One thing I know for sure, though, is that a good pair of in-ear headphones on the end of your receiver makes a huge difference (check dB and frequency response range). I mention this, because 90% of the bad reviews you read can be traced to the shitty pair of headphones they put in the 'rock bottom' and 'low-end-of-the-average' sets that you buy.
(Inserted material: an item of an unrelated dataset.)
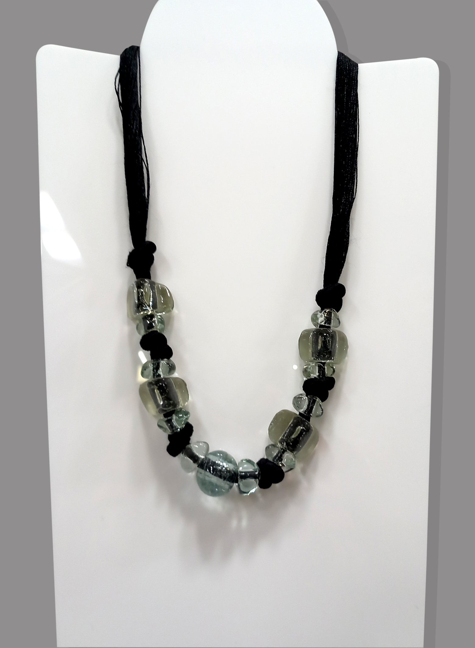 Elegante collana in fili di seta e perle in vetro di forme differenti.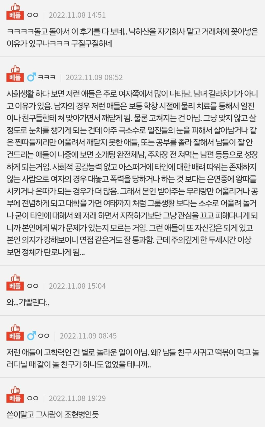 인서울 4년제를 졸업하시고 정신적으로 문제가 있거나 한 분이 아니었다는 점...

There's no sense spending another $300 on a full set just because it has better headphones, when you can probably find a similarly better pair for $20-$30.


----------



## Samer

How would the entire set up work and what would we need? 

So we have a PA system and each of us have an amp, the only one plugged into the PA is our drummer currently. 

Can we DI from the amp to a mixer and then hook up the in ear sound from there, or how do bands do this live?


----------



## Randy

Well, I was thinking you meant wireless... if you mean a wired setup, that's a little different (albeit similar).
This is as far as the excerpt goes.